Notice that in `requests` using an alternate HTTP method is reflected in the function name rather than as an argument (`requests.post()` is also available, for example).

In [32]:
from IPython.core.display import HTML

info = {'name': 'David', 'color': 'Stygian Blue', 'bday': 'September 12'}
resp = requests.put('http://popbox.kdm.local:2502/form', data=info)
HTML(resp.text)

In [33]:
info = {'name': 'Marjorie', 'color': 'Blood Red', 'bday': 'June 31'}
resp = requests.put('http://popbox.kdm.local:2502/form', data=info)
HTML(resp.text)

## Streaming

In an earlier lesson, we streamed slowly arriving HTTP data using the raw telnet interface.  Using `request` makes this easier; the essential element is just to indicate `stream=True` in the request.

The example below also presents a good manner of arranging `requests` code, using a context manager to handle the life of the connection. This could be used in all the other examples; the current example would work fine in the prior `resp = requests.get(...)` style also.

In [34]:
from time import time

start = time()
with requests.get('http://popbox.kdm.local:2502/stream', stream=True) as respS:
    for line in respS.iter_lines(chunk_size=1):
        if line:
            print(f'{time()-start:04.1f}s: {line.decode()}')

00.1s: God dag
02.0s: Ahlan
05.0s: Witaj
06.6s: Hej
08.3s: Halløj
10.1s: Hej
12.6s: Hujambo
13.9s: Yā
16.8s: Hi
17.2s: Oi


## Authentication

The `requests` libary can handle authentication using Basic Authentication, Digest Authentication, OAuth 1, and OAuth 2 (OpenID).  The architecture is designed to allow additional methods, and third-party plugins exist for some, including Kerberos and NTLM.  Let's demonstrate one login.  First we attempt to get a protected resource without authentication.

In [35]:
resp = requests.get('http://popbox.kdm.local:2502/secure')
resp

<Response [401]>

We try again, but with incorrect credentials.

In [36]:
from requests.auth import HTTPBasicAuth
resp = requests.get('http://popbox.kdm.local:2502/secure', 
                    auth=HTTPBasicAuth('David', 'badpass'))
resp

<Response [401]>

In [37]:
resp = requests.get('http://popbox.kdm.local:2502/secure', 
                    auth=HTTPBasicAuth('David', '4bYaDZCFsTY4'))
resp, resp.text

(<Response [200]>, 'Hello, David!')

## Wrapping up

This section first looked at some lower-level Python standard library modules for client-side operations with HTTP. Then we turned to the third-party `requests` module which has rich and friendly capabilities.  Given the option, `requests` will be your *go to* tool for client-side HTTP.  There may be situations where you will need only to use the standard library.

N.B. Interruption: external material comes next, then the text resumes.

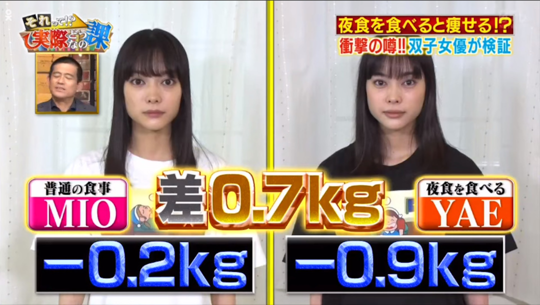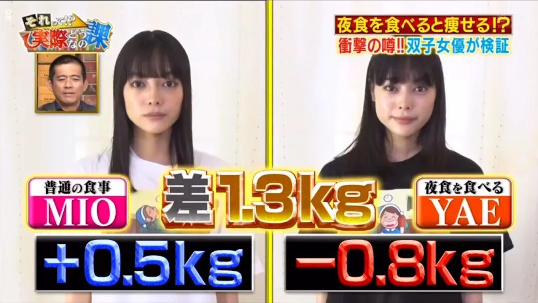 节目组找来一对双胞胎姐妹“MIO”(姐姐)和“YAE”(妹妹),请她们吃一模一样食物,而妹妹这边则会再加一餐夜宵。连续三天后,观察两人的体重变化。

As was mentioned in earlier lessons, some details of programmatic HTTP services are addressed in in more depth in the course *Secure RESTful APIs using Python*. For example, we have used several `Content-Type` headers, and received several different status codes, but those are discussed at greater length there.

In the last section of this course, we look at writing servers, including those that clients have communicated with in the last several lessons.